JLG Aerial Sales Up 73%

Total sales for JLG, the access equipment segment of parent company Oshkosh, declined in the first quarter of 2011 compared with the previous year, but aerial equipment sales to external customers increased more than 50 percent year over year.

Total sales for JLG, the access equipment segment of parent company Oshkosh, declined in the first quarter of 2011 compared with the previous year, but aerial equipment sales to external customers increased more than 50 percent year over year. Meanwhile, JLG's orders have risen to their highest level since the start of the recession, Oshkosh president Charlie Szews told an investors' conference call.

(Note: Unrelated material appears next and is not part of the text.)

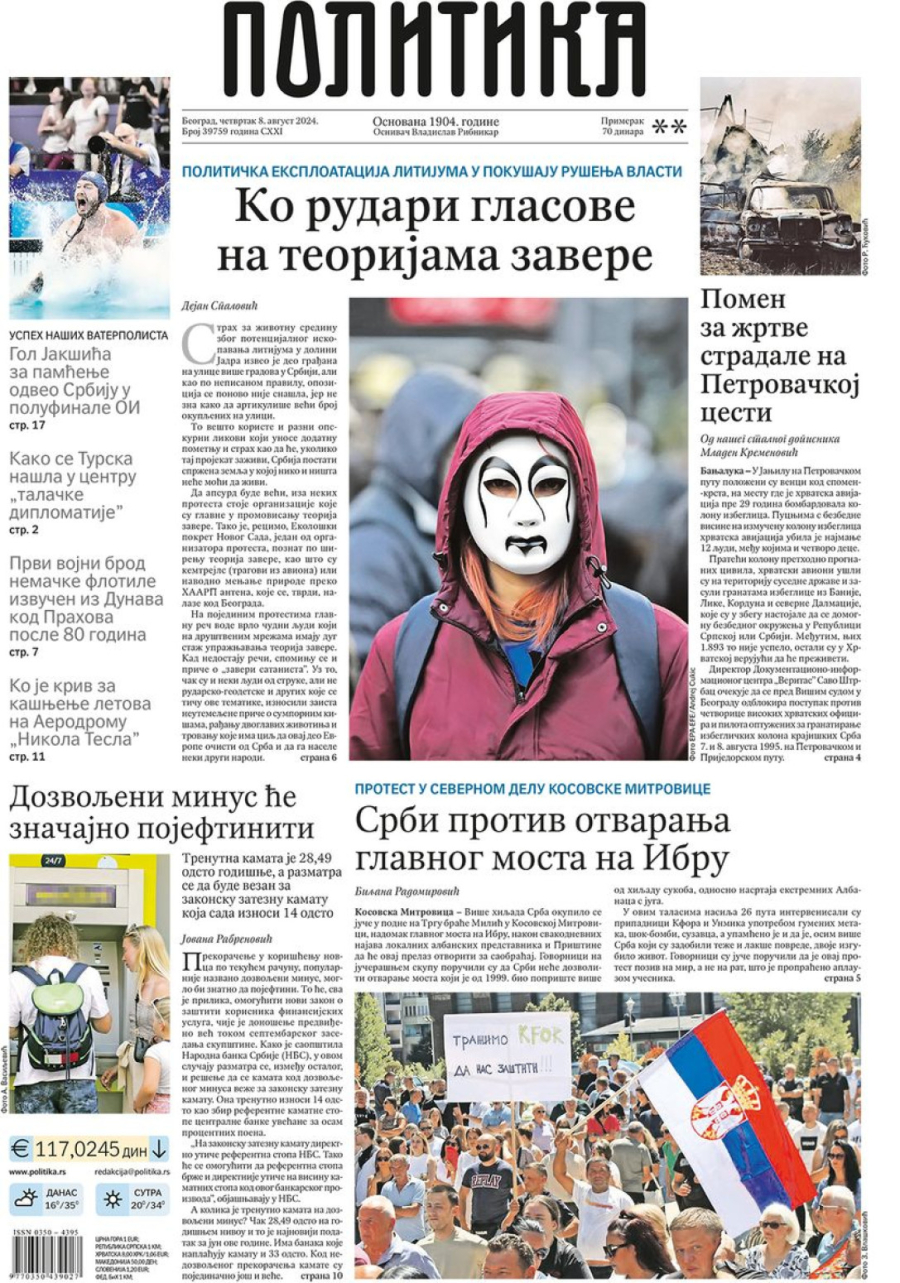 Novine: "Ko rudari glasove na teorijama zavere"; "Srbi i telima brane poslednji štit opstanka na severu KiM"

The loss of work on a government contract to build MRAP all-terrain vehicles for the military accounted for the overall volume decline.

Oshkosh's access equipment business returned to profitability in the first quarter and continued its recovery with non-M-ATV related sales increasing 73 percent, orders nearly doubling and backlog nearly tripling compared to the prior year’s second quarter, according to Szews, who noted that multiple new product launches during the quarter were well received by our customers and led to robust order intake.

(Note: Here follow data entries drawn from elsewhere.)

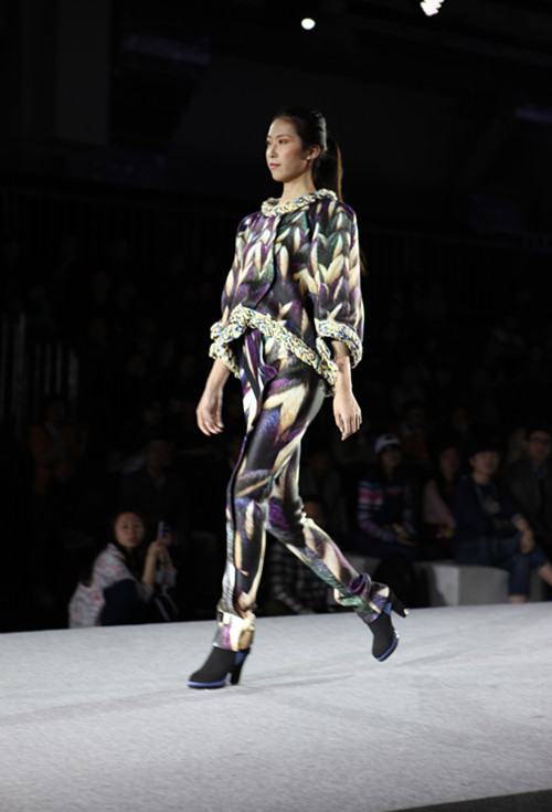 在展演中,有一个系列的服装显得很特别。它以“孔雀”为主题,却没有采用如孔雀羽毛般华丽的色彩,反而非常干净、简洁。在采访中我们得知,设计师的灵感的确来源于孔雀,但欣赏的是孔雀的精神与柔美的线条,而不在乎其颜色。看起来简单的衣服,其实使用了针织、皮革、麻、鸵鸟毛等诸多面料的结合,力求材料、配饰、衣服的整体和谐与美感。另外引起轰动的有采用太空棉与编织面料拼接的一组服装。其中一套上身包身,下身小廓型的服装,既表现了曲线美,又富有时尚感。袖口处的编织部分,配以绑带流苏,增添一份随意和可爱。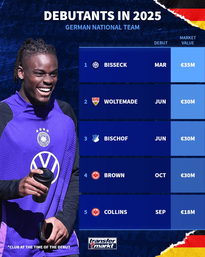 2025年德国国家队新人身价榜: 比塞克居首, 沃尔特马德第二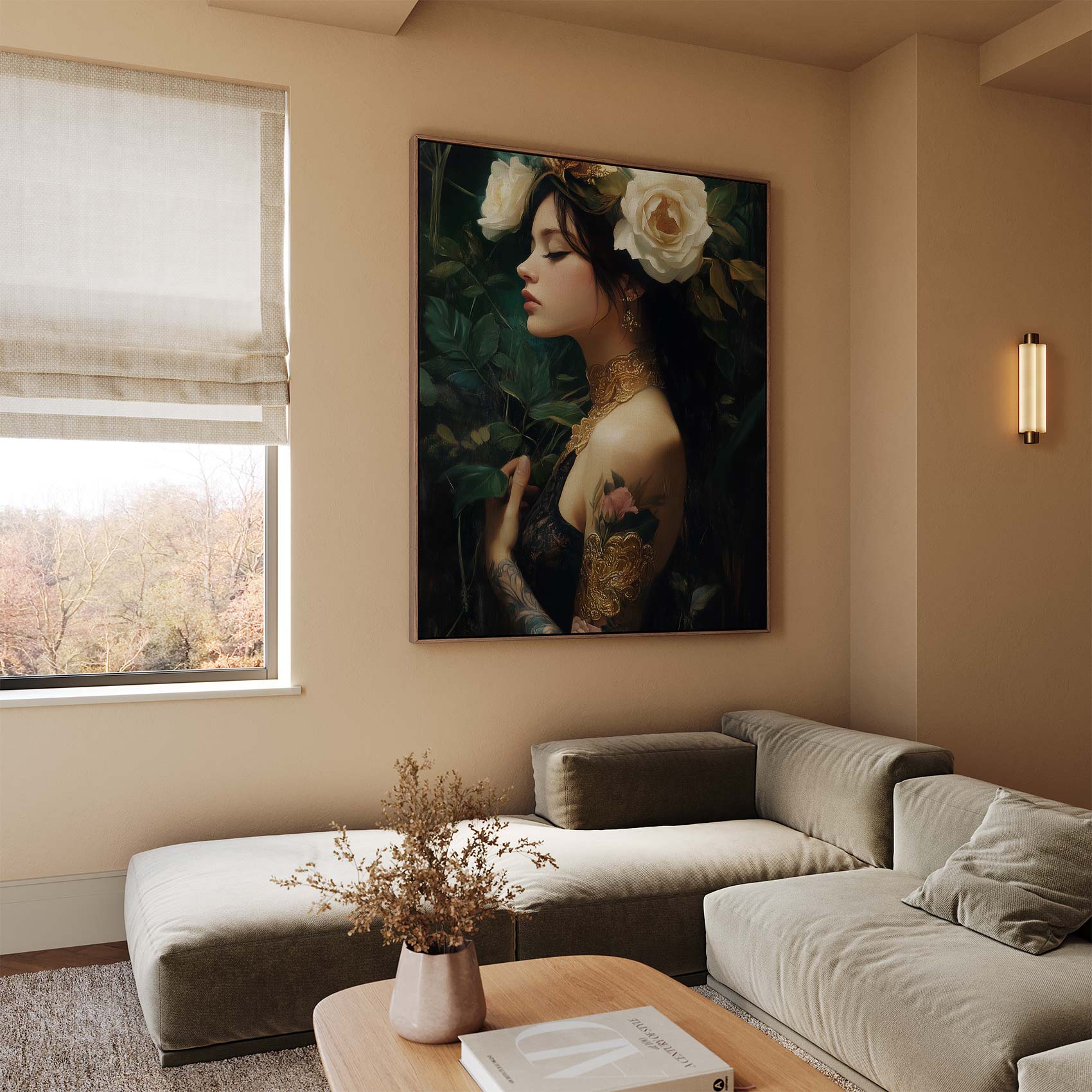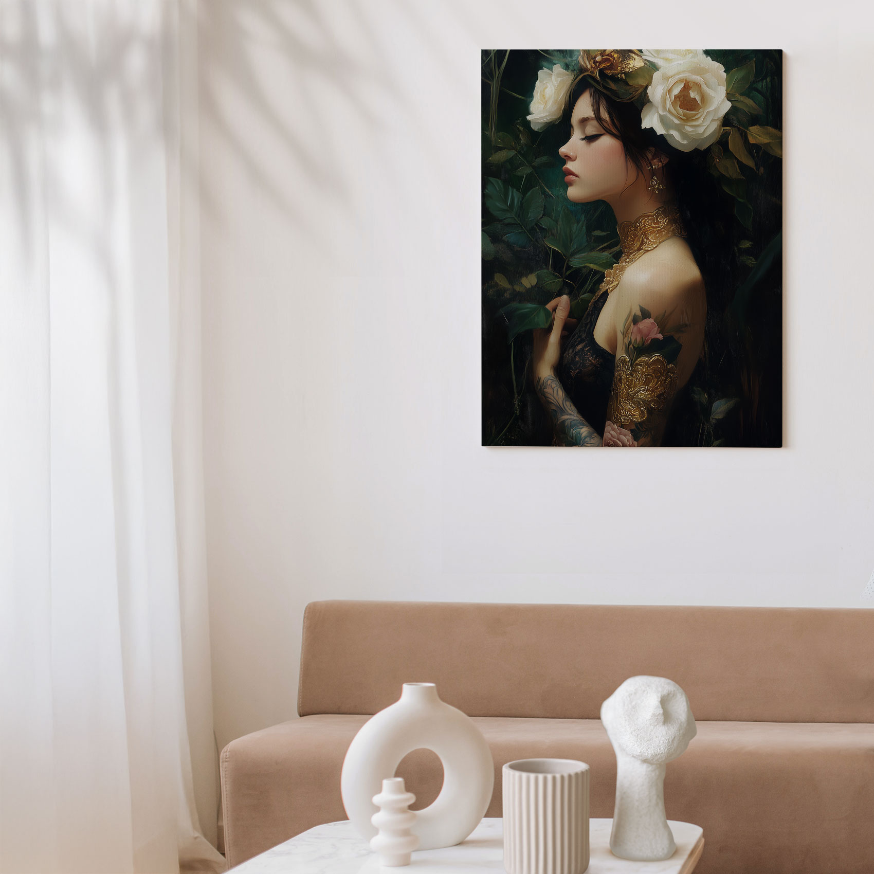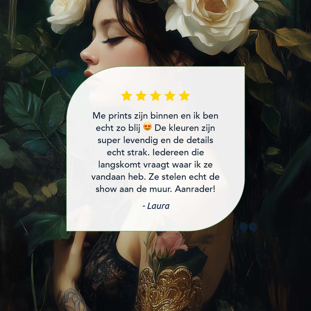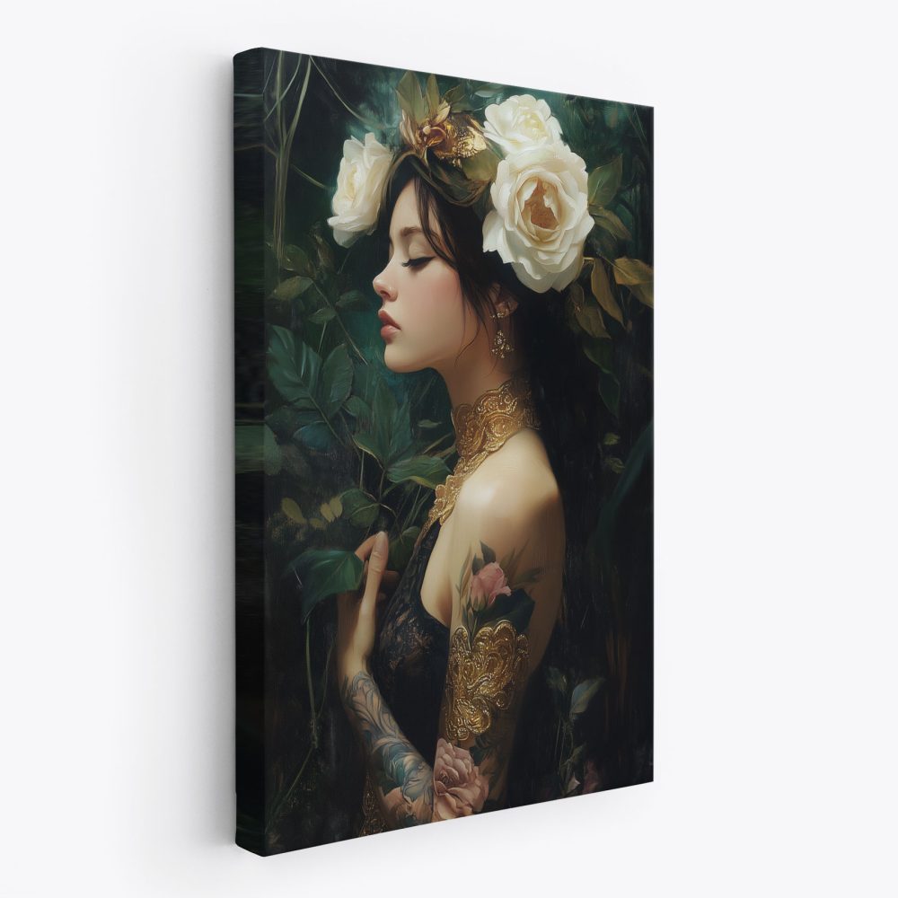 Terug naar collectie / Schilderijen / Bloemen Schilderij / Betoverende Rozenfee in Groen

Sales to external customers totaled $471.2 million for the second quarter of fiscal 2011, a 72.7-percent hike compared with the previous year's quarter. JLG posted $737.2 million in fiscal 2010's second quarter in M-ATV related sales to the defense segment. Including those sales, aerial equipment segment sales dropped 53.3 percent for the quarter, year over year.

Access equipment segment operating income in fiscal Q2 decreased 61.2 percent to $17.7 million, or 3.8 percent of sales, compared with 45.8 million or 4.5 percent of sales the previous year, a decline caused by the decrease of inter-segment sales of defense-related equipment.